Search code examples
pythonscikit-learnobject-storageibm-cloud-storage

ibm_boto3 compatibility issue with scikit-learn on Mac OS


I have a Python 3.6 application that uses scikit-learn, deployed to IBM Cloud (Cloud Foundry). It works fine. My local development environment is Mac OS High Sierra.

Recently, I added IBM Cloud Object Storage functionality (ibm_boto3) to the app. The COS functionality itself works fine. I'm able to upload, download, list, and delete objects just fine using the ibm_boto3 library.

Strangely, the part of the app that uses scikit-learn now freezes up.

If I comment out the ibm_boto3 import statements (and corresponding code), the scikit-learn code works fine.

More perplexingly, the issue only happens on the local development machine running OS X. When the app is deployed to IBM Cloud, it works fine -- both scikit-learn and ibm_boto3 work well side-by-side.

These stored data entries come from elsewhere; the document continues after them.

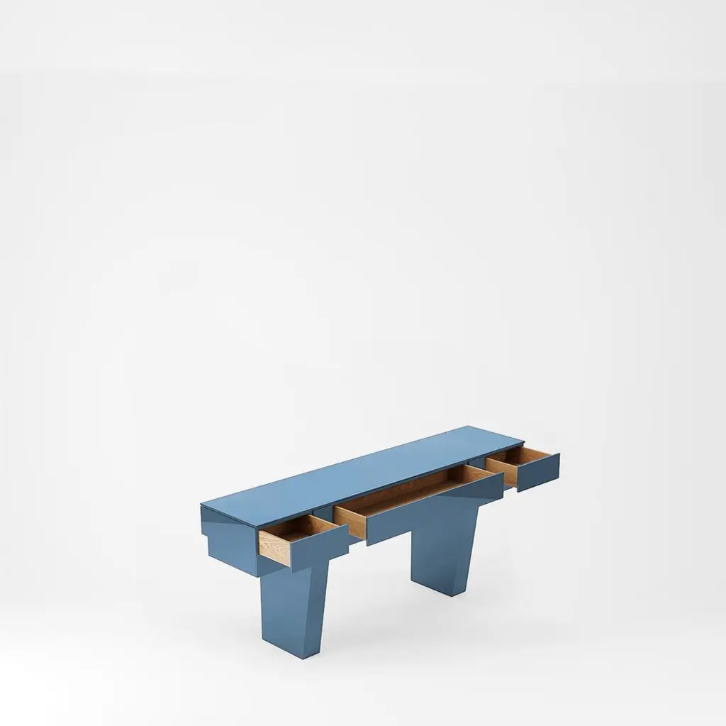 The Terrace Server embodies simplicity, drawing inspiration from the layers reminiscent of a classic terrace. Concealing its drawers discreetly, this piece showcases a hand-polished gloss lacquer exterior complemented by an oak veneer interior.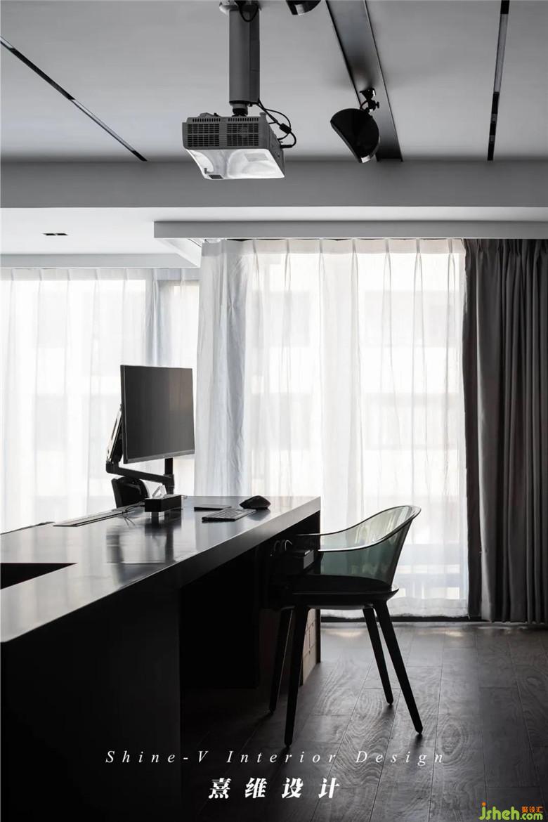 ▲大量的黑色在這里被壓住深沉晦澀,形態(tài)與質(zhì)感標榜出黑的內(nèi)涵,像一切神秘莫測的事件藏身的月夜。這些放置在淺色地磚上的黑色,其干練被無限放大,拉上窗簾看電影時,又化身為屬于你的暗色堡壘。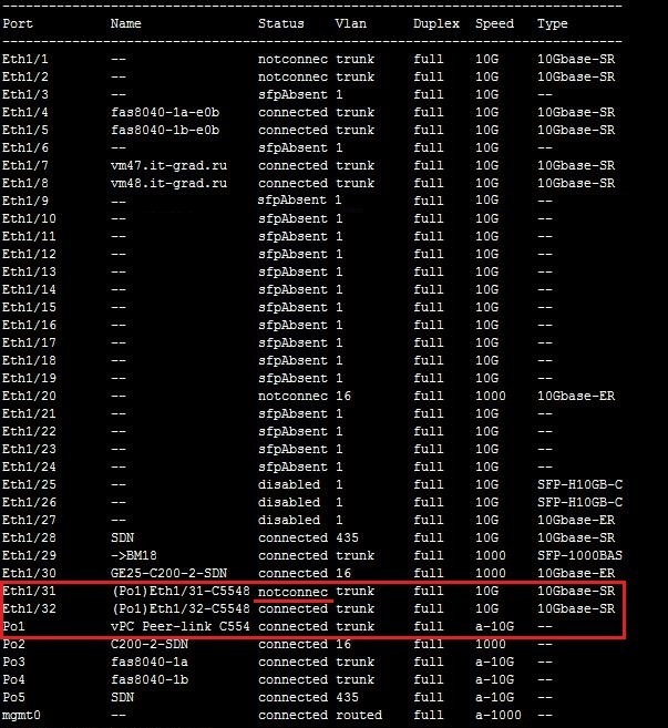 Интерфейсы Eth1/31 и Eth1/32 собраны в Port Channel 1 (Po1). Как видно из скриншота ниже, при падении одного из линков, Po1 остается активным и не происходит потери связности между коммутаторами.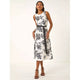 Roman Rose Print Fitted Maxi Dress in Black & White

Our only hypothesis at this point is that somehow the ibm_boto3 library surfaces a known issue in scikit-learn (see this -- parallel version of the K-means algorithm is broken when numpy uses Accelerator on OS X). Note that we only face this issue once we add ibm_boto3 to the project.

However, we need to be able to test on localhost before deploying to IBM Cloud. Are there any known compatibility issues between ibm_boto3 and scikit-learn on Mac OS?

Any suggestions on how we can avoid this on the dev machine?

Cheers.


Solution

  • Up until now, there weren't any known compatibility issues. :)

    At some point there were some issues with the vanilla SSL libraries that come with OSX, but if you're able to read and write data that isn't the problem.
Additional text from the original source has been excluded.